To set up a scheduled report, go to the Events & Reports tab and then in the left pane, click Generate Reports > Scheduled Reports. Click New. The New Scheduled Task wizard opens to step you through the configuration process. Most of the options are identical to those for single reports, with the exception of Time Filter:

Time filter

  • Last [N] Hour(s): When [N] is less than 60, the start and end times are at the top of the specified hour. When [N] is more than 60, hourly data is not available for the beginning of the time range, so the start time in the report will be changed to midnight (00:00) of the start day.
  • Last [N] Day(s): Includes data from midnight [N] days ago to midnight of the current day.
  • Last [N] Week(s): Includes events from the last [N] weeks, starting and ending at midnight (00:00).
  • Last [N] Month(s): Includes events from the last [N] full calendar month, starting and ending at midnight (00:00).
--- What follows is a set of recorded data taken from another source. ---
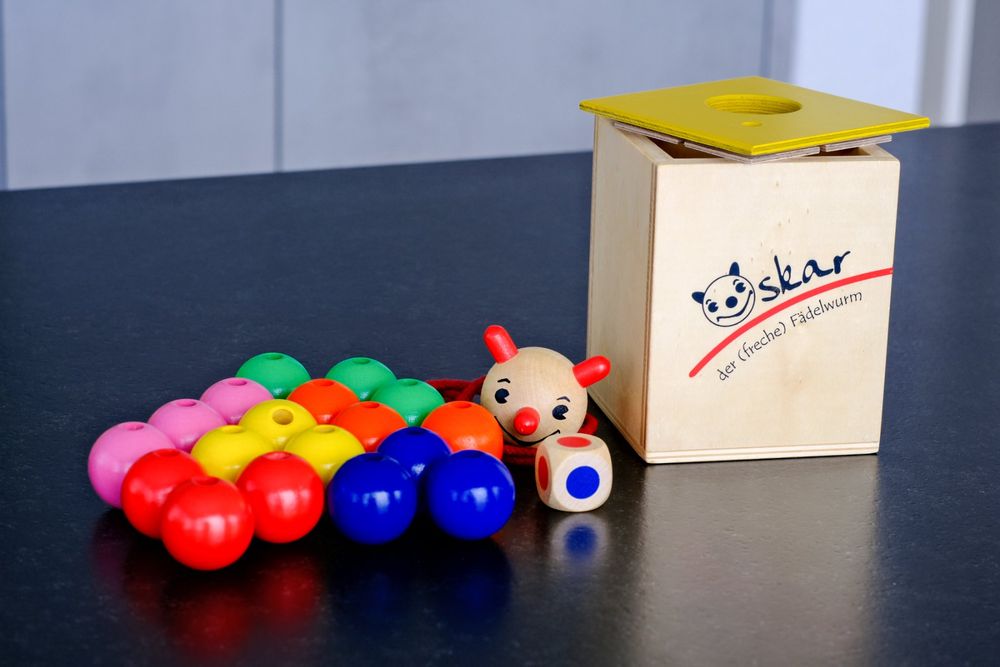Die Perlen gleiten mühelos auf Edelstahlstäben - super für die Entwicklung der Feinmotorik. Perfekt für Vorschule, Kindergarten oder zu Hause.
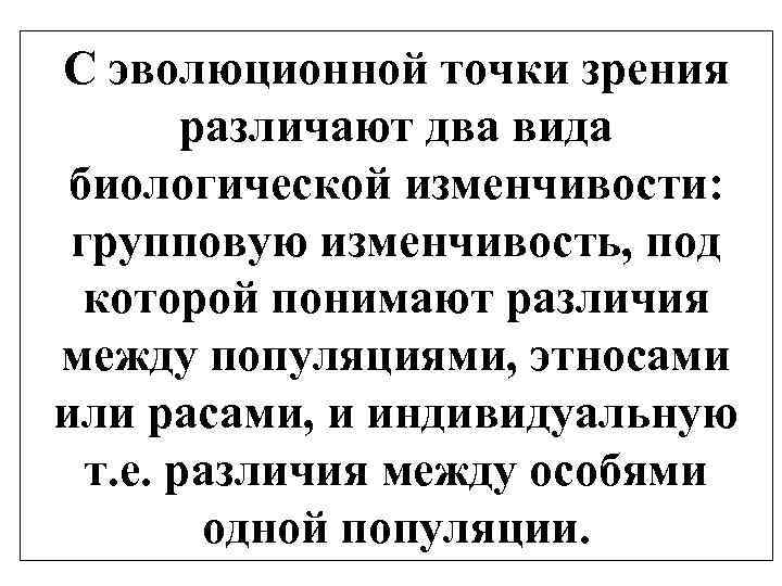 С эволюционной точки зрения различают два вида биологической изменчивости: групповую изменчивость, под которой понимают различия между популяциями, этносами или расами, и индивидуальную т. е. различия между особями одной популяции.
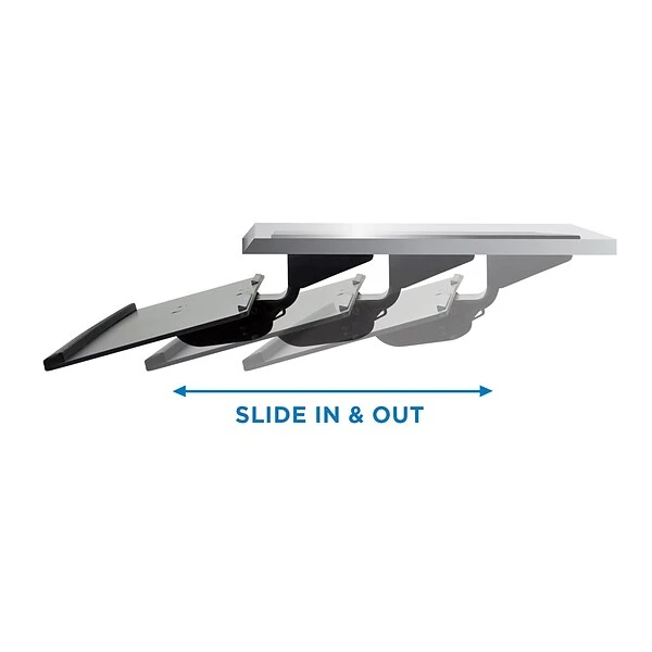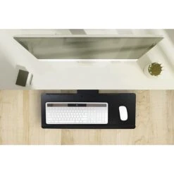 Mount-It! Under Desk Keyboard Tray and mouse platform saves you space and helps improve ergonomics at your desk. Maximize your workplace comfort while getting the support you need. This keyboard and mouse tray is adjustable. Tilt angle adjustment features of our keyboard tray allows you to position your elbows and wrists at the optimum angle. It can also swivel left and right for easy maneuvering and increased comfort. The tray positions your keyboard and mouse lower and closer to your body, allowing you to adopt and maintain a neutral working posture. Moving and adjusting the under desk keyboard tray is a breeze. Simply turn the knob to adjust the tilt angle (negative, neutral or positive position). Re-tighten the knob to lock the position.
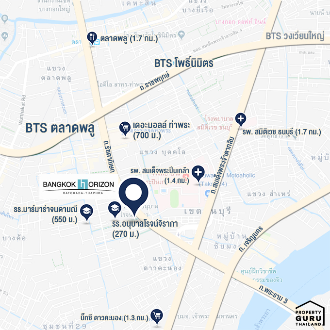 โครงการ แบงค์คอก ฮอไรซอน รัชดา-ท่าพระ (Bangkok Horizon Ratchada-Thaphra) อยู่ใกล้กับ BTS สถานีตลาดพลู ระยะเดินประมาณ 700 เมตรค่ะ และปัจจุบันสถานีบางหว้าที่ถัดจากสถานีตลาดพลูไป 2 สถานียังเป็น Interchange กับสายสีน้ำเงินช่วงหัวลำโพง-หลักสองอีกด้วย ระยะทางจาก BTS ถึงโครงการอาจจะเดินเหนื่อย แต่มีวินมอเตอร์ไซค์คอยให้บริการอยู่ค่ะถ้าใครไม่อยากเดิน
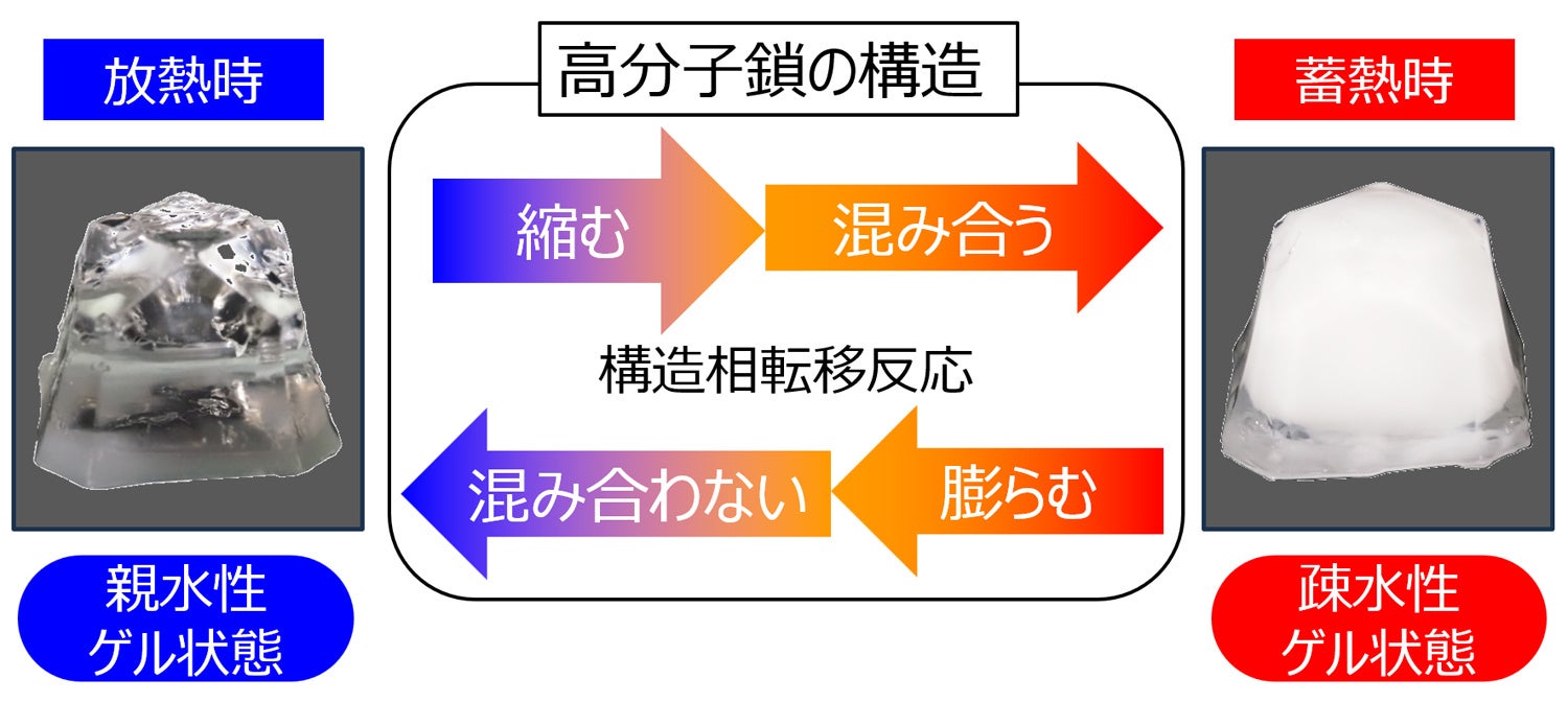 ・感温性高分子ゲルの、温度によって親水性と疎水性に変化する構造相転移反応と、水分子間の水素結合反応を組み合わせた連成反応により、高分子混雑環境下で水分子の配列構造が乱れてエネルギーが高くなり、低温の熱でも高密度に蓄熱できることを世界で初めて実証
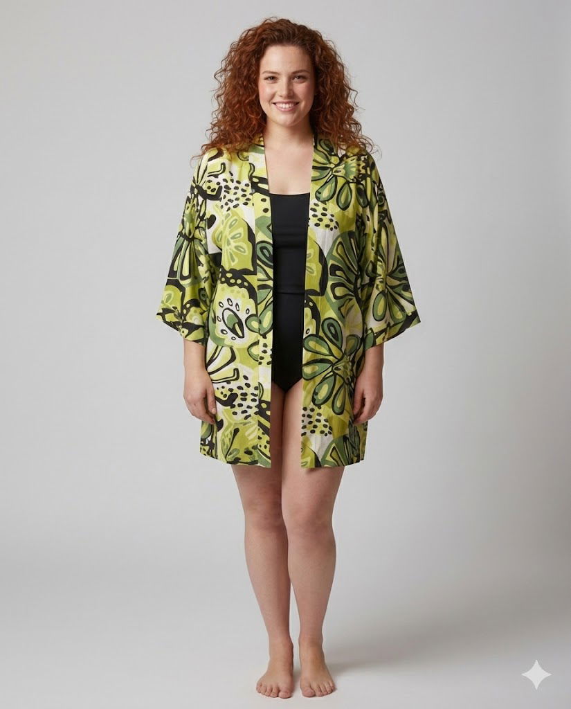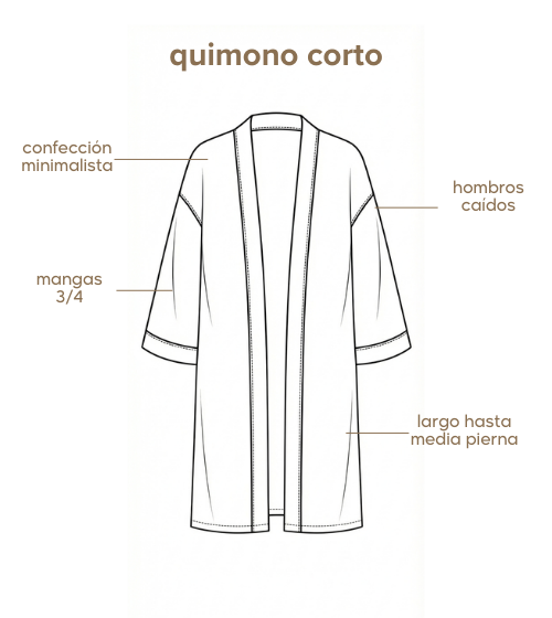 Su diseño es abierto y holgado, sin cinto ni bolsillos, para que sea lo más liviano y fluido posible. El largo es ideal, a la mitad del muslo, perfecto para usar sobre el pijama, bikini, incluso como complemento de cualquier look veraniego. Confeccionado en suave fibrana.
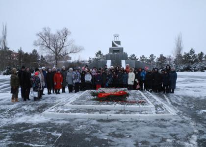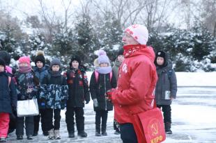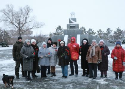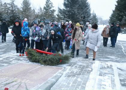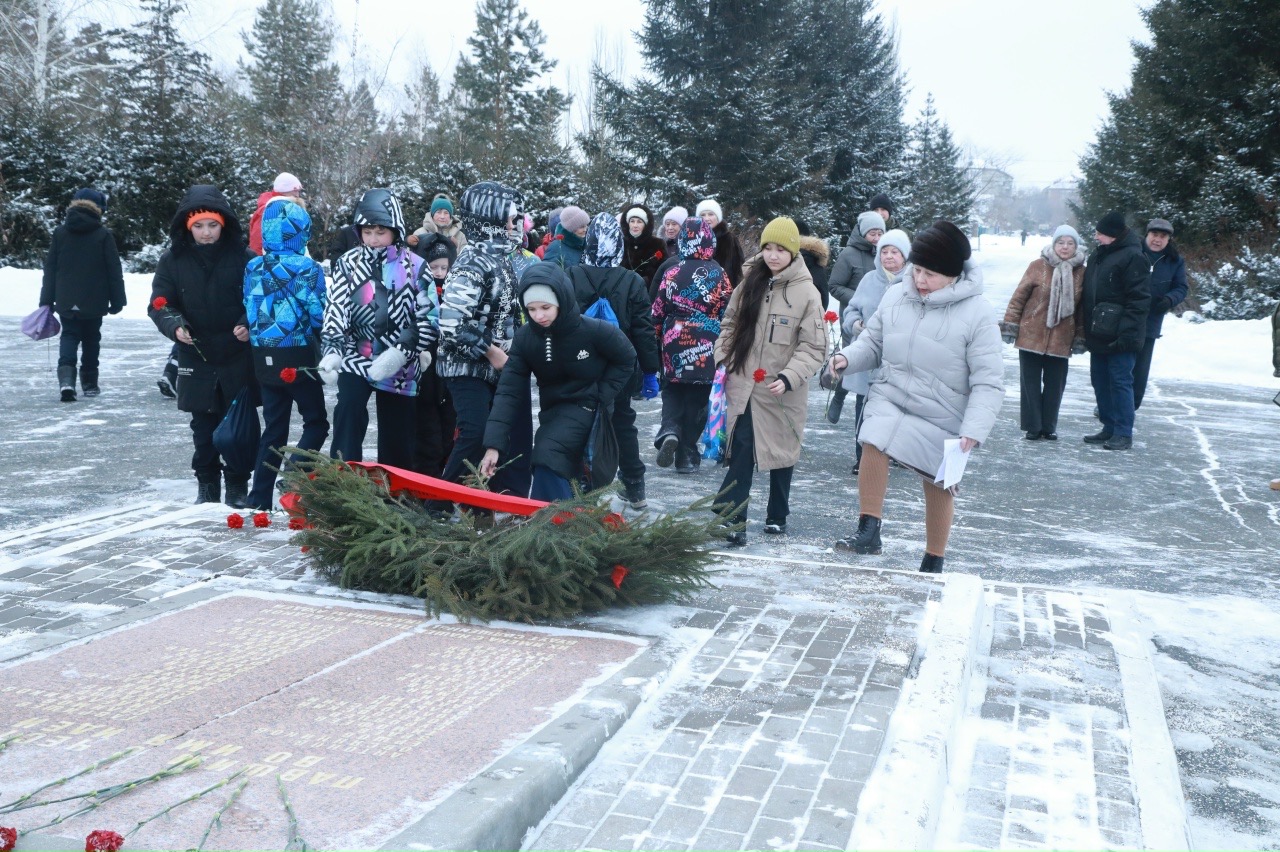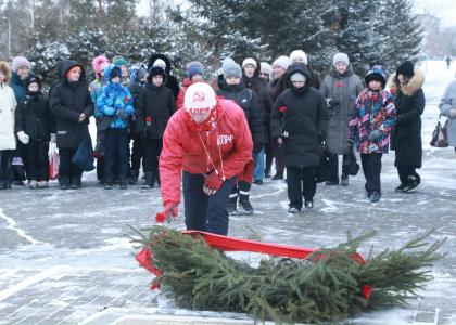 У памятника собралось около пятидесяти человек. Пришло и два класса соседней школы № 97: именно там, когда морозы были особо сильными, собирались ветераны, живущие в микрорайоне, и школьники.

For example, if you select "Last 1 Month(s)" on November 15, you receive a report for events that occurred between midnight October 1 to midnight November 1.

Reports use data stored in counters. Counters are data aggregated periodically from events. Counter data is aggregated on an hourly basis for the most recent 60 hours. Data from the current hour is not included in reports. Data older than 60 hours is stored in counters that are aggregated on a daily basis. For this reason, the time period covered by reports for the last 60 hours can be specified at an hourly level of granularity, but beyond 60 hours, the time period can only be specified on a daily level of granularity.

For more information on scheduled tasks, see the Schedule Workload Security to perform tasks.

Troubleshoot: Scheduled report sending failed

In Workload Security, you can schedule your regular reports and send them by email, however the size of the email cannot exceed 20 MB, otherwise the email fails to send. In the Events & Reports page, a corresponding Email Failed event occurs, which displays the error message, mail subject, and mail-to information.

If the report email fails to send due to the message size exceeding the limit, separate the report into subreports by using a shorter time range or filtering the target computers by Group or Policy.